First, to provide some procedural background on the case, it was an open question as to whether the Fifth Circuit would send the case back down to the federal district court for further factfinding on the constitutional question under the Equal Protection Clause. After additional briefing and oral argument, the federal appellate court denied the University’s motion for remand, stating that while it had the discretion to remand the case to the district court, it found the existing record sufficient since no new factual issues needed to be addressed, and the mistake identified by the Supreme Court was made by the appellate court and the district court alike and in the same fashion. The Supreme Court, after hearing the case last year, remanded it for proper judicial assessment of the narrow tailoring requirement under strict scrutiny. Although the Supreme Court found the state university’s use of race in admissions decisions in order to achieve student body diversity a compelling governmental interest, in line with the Court’s decisions in Bakke and Grutter, the Court nonetheless remanded the case, stating that the reviewing court must independently assess whether UT-Austin’s plan was narrowly tailored to meet its diversity objective rather than defer to the University’s claims on this point.
On the merits of the case, the Fifth Circuit noted that under the correct strict scrutiny standard, it had to evaluate, without deference to the University, whether the school’s method of achieving student body diversity was narrowly tailored to meet its diversity goal based on the evidence presented. To satisfy the narrow tailoring requirement, the reviewing court must find that it is necessary for a university to use race for it to achieve the pedagogical benefits that flow from student diversity, and that no workable race-neutral alternatives would bring about these benefits. In conducting its independent assessment, the appellate court carefully reviewed the record concerning UT-Austin’s use of its race-neutral Top Ten Percent Plan to select over 80% of its Texas students, and the school’s additional use of an individualized, race-conscious holistic review process to select the small remaining percentage of students. The court noted that UT-Austin also engaged in various race-neutral outreach and scholarship programs to reach under-represented student populations. In its evaluation, the court of appeals found that the school used a range of race-neutral methods to try to boost minority enrollment and selected the vast majority of its students through the race-neutral Top Ten Percent Plan. Further, the court explained that the University’s use of a holistic review that took into account the race of the applicants served to complement the pool of students admitted through the Top Ten Percent Plan by bringing in students who have much to contribute to the school’s diversity based on their various skills, achievements, and perspectives but who were overlooked using the Percent Plan alone. The court determined that this holistic review was a highly individualized and highly competitive process, and not a quota system. In attentively examining all of these facets of UT-Austin’s admissions program, the court held that the narrow tailoring requirement under strict scrutiny for race-conscious decisionmaking was satisfied, and affirmed the district court’s grant of summary judgment in favor of UT.

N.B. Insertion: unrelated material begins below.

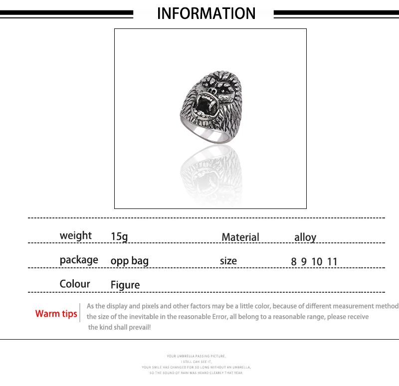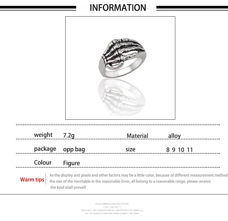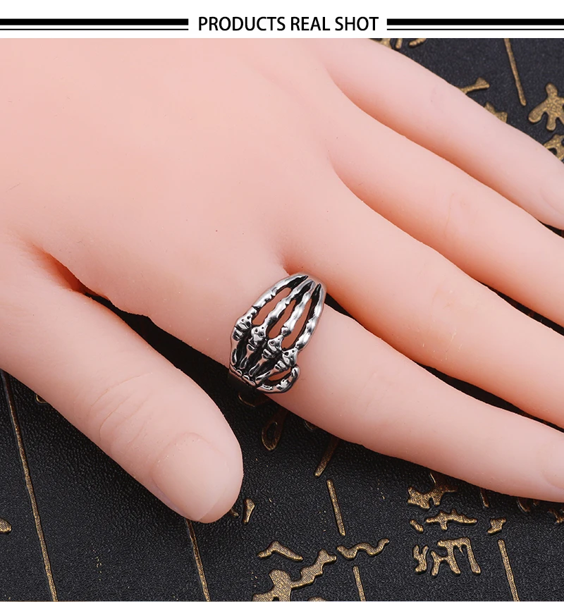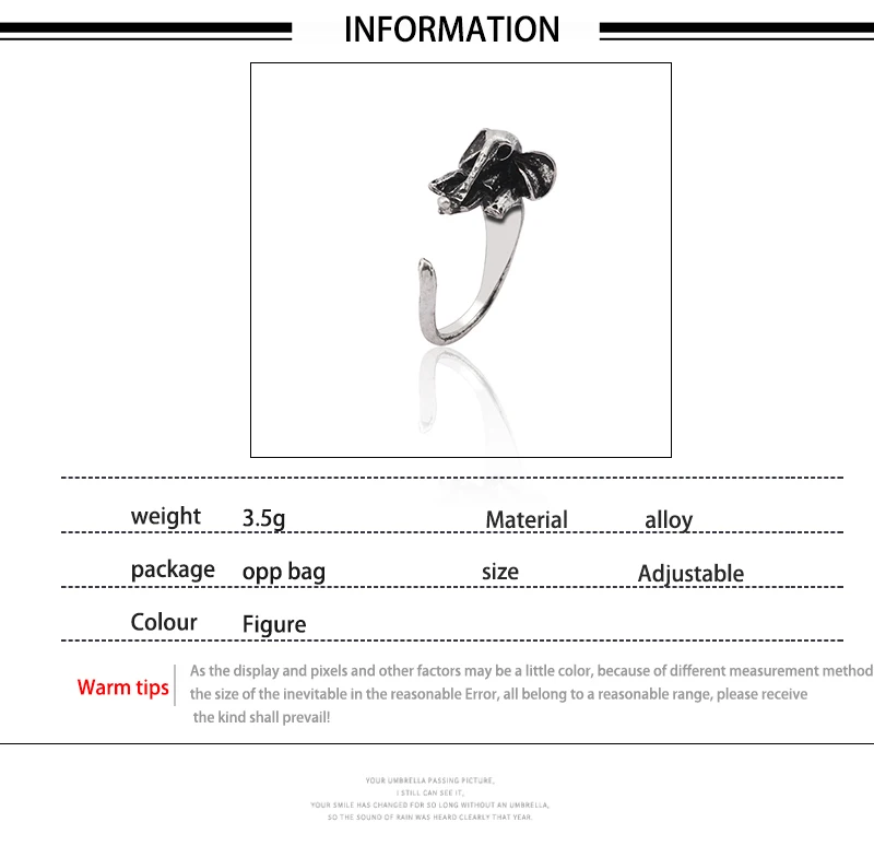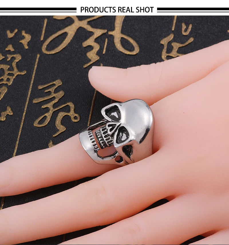 Skull Punk Ring For Men Jewelry Vintage Steampunk Halloween Gifts Hip Hop Rings Adjustable 3D Animal Ring Christmas Jewelry Gift

This was a 2-1 decision, with Judge Carolyn King joining Judge Patrick Higginbotham in the majority decision, and Judge Emilio Garza dissenting. Judge Garza in his dissent took issue with the meaning of a “critical mass” of student diversity, stating that the University framed its diversity objective as achieving a critical mass but was unable to objectively define this term. Because Judge Garza found that the school failed to clearly explain its goal and what “critical mass” requires, he did not think the court could make an independent determination on whether the school met its narrow tailoring burden.
The Fifth Circuit’s latest decision in Fisher is an important win for UT-Austin, and for affirmative action. Although Fisher concerns the constitutionality of affirmative action plans using race in the higher education setting, its analysis would apply to affirmative efforts involving race by other state actors and thus has implications for public employers who wish to use race-conscious affirmative action plans to attain a diverse workforce. As I discussed in a talk I gave at a symposium this past spring and further discuss in a forthcoming piece, the Supreme Court’s decision in Fisher, and now along with the Fifth Circuit’s recent decision on remand, can be used to help demonstrate the constitutional validity of race-conscious affirmative efforts in the public workplace to achieve workforce diversity.